Юрий Максимов. Восприятие религии в современном массовом кинематографе
Восприятие религии в современном массовом кинематографе
Юрий Максимов
Массовый кинематограф, вопреки частым заверениям, не «просто отражает», а особым образом формирует реальность. И то, что создаётся он в большинстве своём людьми, сознательно ставящими себя вне рамок какой-либо традиционной религиозности, не может не влиять на содержание той мировоззренческой установки, которую автор, зачастую даже неосознанно, вкладывает в сознание зрителя. И это тем более значимо, если учесть, что за счёт разных уровней коммуникации между экраном и зрителем массовый кинематограф обладает гораздо более мощной силой воздействия на сознание, чем кинематограф элитарный.
Как уже было сказано, современный массовый кинематограф создаётся в большинстве своём людьми, сознательно ставящими себя вне рамок какой-либо традиционной религиозности. Но при всём том идеология массового кинематографа вовсе не является безрелигиозной. В ней, безусловно, присутствует ощущение мистики, признание и даже своеобразный культ «паранормальных явлений», вся прелесть которых состоит в том, что происхождение их невозможно рационально объяснить, но зато вполне возможно ими как-то управлять для того, чтобы добиться нужных результатов в этом земном мире (например, узнать своё будущее, найти преступника, расквитаться с врагом и пр.). Безусловно, присутствует и некоторая память о едином Боге; о Нём вспоминают герои в пословицах и поговорках, удачных сентенциях, Ему они иногда по традиции молятся перед едой, изредка к Нему прибегают в трудные моменты жизни (как правило, это случается с героями исторических фильмов), но из действительного мира Он удалён. Это не значит, что удалена вообще духовная реальность – совсем нет; довольно часто в фильмах присутствует как реальность, как личность дьявол («Сердце Ангела», «Омен», «Дьявол во плоти», «Адвокат дьявола» и др.), довольно часто ангелы («Жизнь прекрасна», «Город ангелов», «Майкл», «Прикосновение ангела» и др.), но практически никогда – Бог. Но дьявол и ангелы – это элементы тварного мира. Бог Творец же в сознании героев и в сознании авторов не присутствует как реальность.
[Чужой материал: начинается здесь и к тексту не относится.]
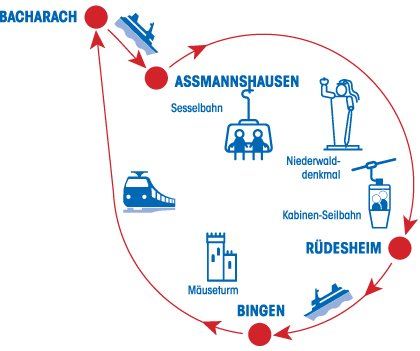 Das beliebte Ring Ticket, aber eben nicht nur von Bingen oder Rüdesheim aus, sondern ab jetzt auch von Bacharach! Starten Sie mit einer gemütlichen Schifffahrt von Bacharach nach Assmannshausen, fahren von dort aus mit der Seilbahn auf den Berg zum Niederwald und wandern eine kurze 3 km Wanderung bis zum Niederwald Denkmal. Nachdem Sie hier die wunderbare Aussicht genossen haben, fahren Sie mit der zweiten Seilbahn in die Stadt Rüdesheim. Benutzen Sie hier das Schiff oder die Fähre der Bingen-Rüdesheimer, um nach Bingen zu gelangen und fahren Sie von dort aus mit dem Zug zurück nach Bacharach.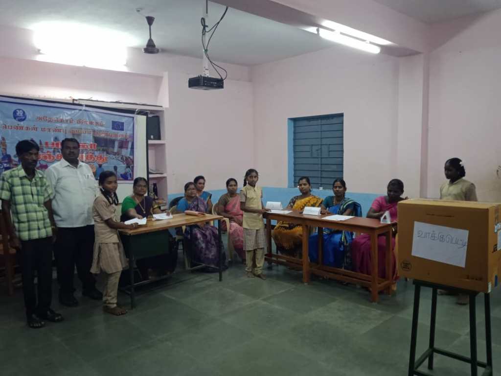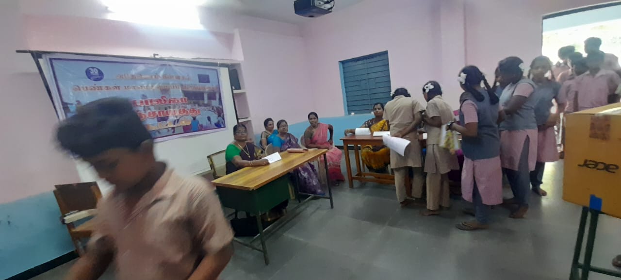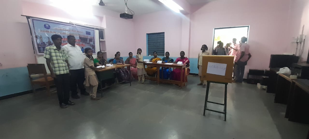 On 7.9.2023, Kollaar, Tinidivanam District our dignity center staffs organized Baliga Panchayat election held. In the meeting Ms. Bhavani, School Head mistress act as election officer, Mr. Prabhakaran, Volunteer and our staff were participated. In the election 6 female children contested in election. The total persons casting voting are 57. Every children enjoyed the elections.

Все вышеописанные элементы религиозности идеологии массового кинематографа – акцентирование внимания на этой посюсторонней жизни, на тварном мире, представление об устранённости из него Бога-Творца, в связи с чем «наше счастье» оказывается «в наших руках»; утилизация духовной жизни – вполне укладываются в такое древнее религиозное мировоззрение, как язычество.
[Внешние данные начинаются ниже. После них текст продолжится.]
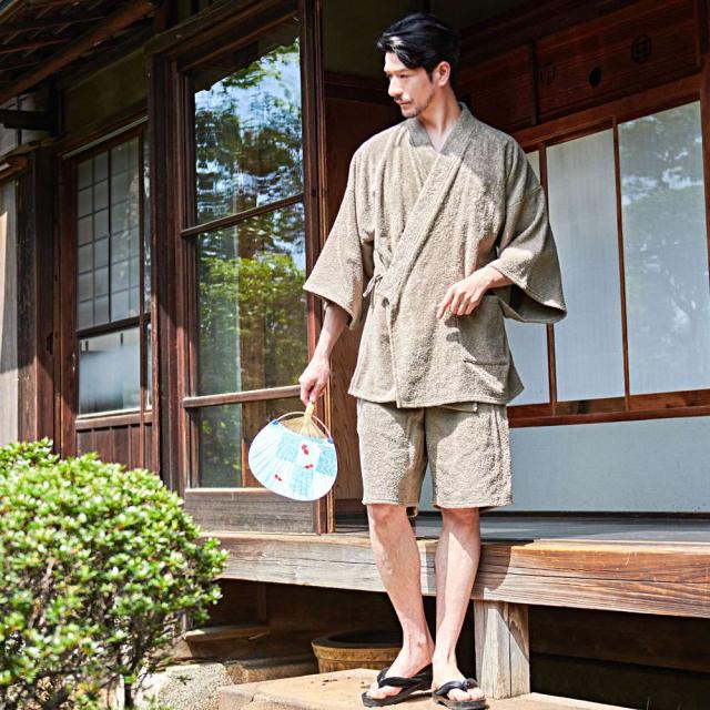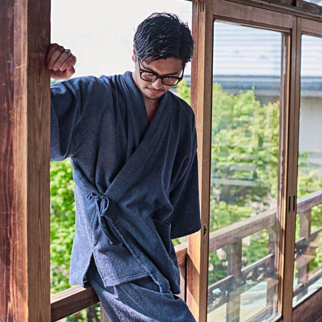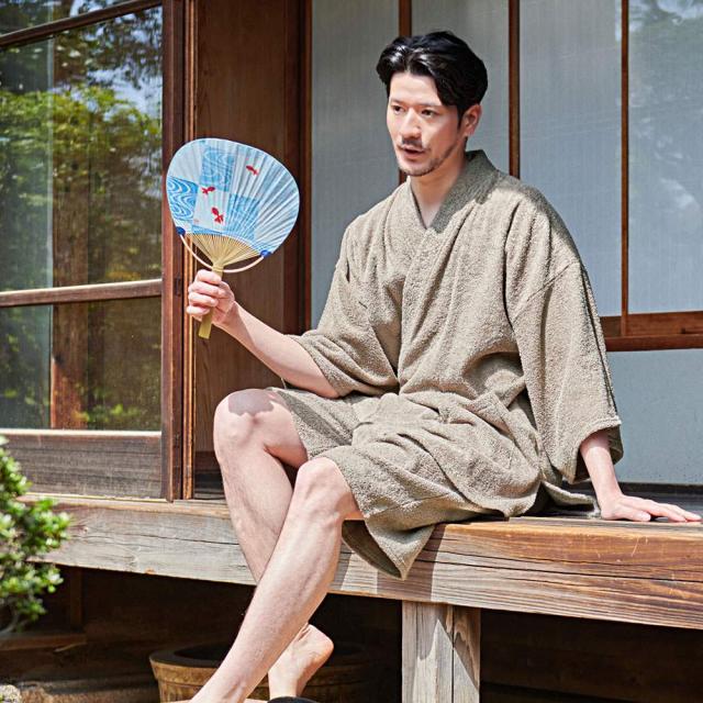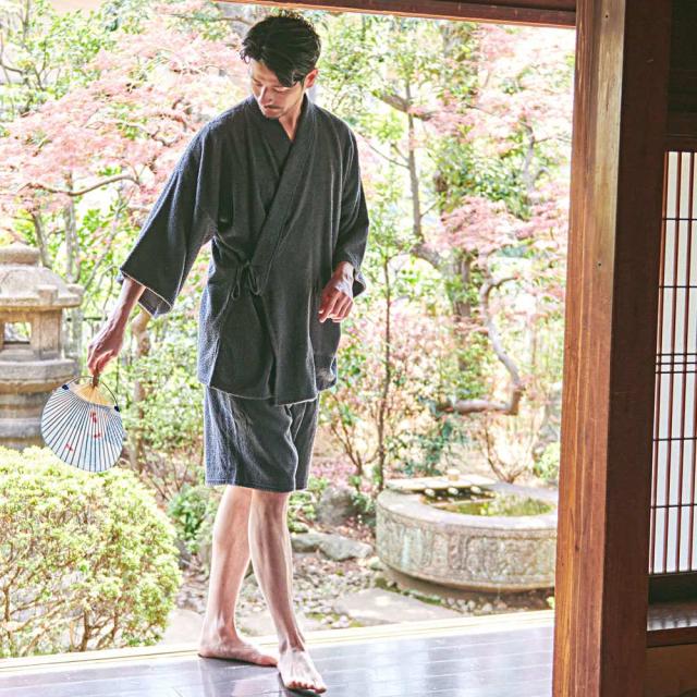ちょっとした普段着(ワンマイルウェア)から、ルームウェア、湯上りのローブ代わりにも自由に使える甚平。

Вероятно именно в силу этого языческого мировосприятия индианские (и африканские) шаманы и буддийские монахи намного чаще оказываются положительными персонажами («Маленький Будда», «Крутой Уокер», «Тень», «Ягуар», «Секретные материалы» и др.), чем священники, монахи или даже просто действенные, неноминальные христиане. И, напротив, для образа религиозного маньяка практически в 100% случаев избирается представитель непременно какой-либо христианской конфессии или же человек, использующий христианскую символику (пастор-оборотень в «Серебряной пуле», монашка-террористка в «Вашингтонском такси», проповедник-некрофил в «Стремлении убивать», пастор-маньяк в «Правом деле», священник-киллер в «Джонни-мнемоник» и др.). В гораздо более редких случаях в данной роли выступает сатанист («Доли секунды», «Кобра»).
Излюбленным мотивом многих фильмов становится подчёркнутая профанация священных предметов и зданий. Орудием убийства оказывается переделанное в нож распятие («Третья власть»), под монашеской одеждой легко спрятать автомат («Крёстный отец-3», «Последний герой боевика»), а местом драки или перестрелки (как правило, совершенно неоправданно) становится церковь («Крепкий орешек-2», «Меч Гедеона», «Без лица», «Кошмар на улице Вязов-4» и др.). Сюда же можно присовокупить и неподобающее с религиозной точки зрения обращение с текстами Писания, когда они вставляются в кощунственный, неподобающий контекст.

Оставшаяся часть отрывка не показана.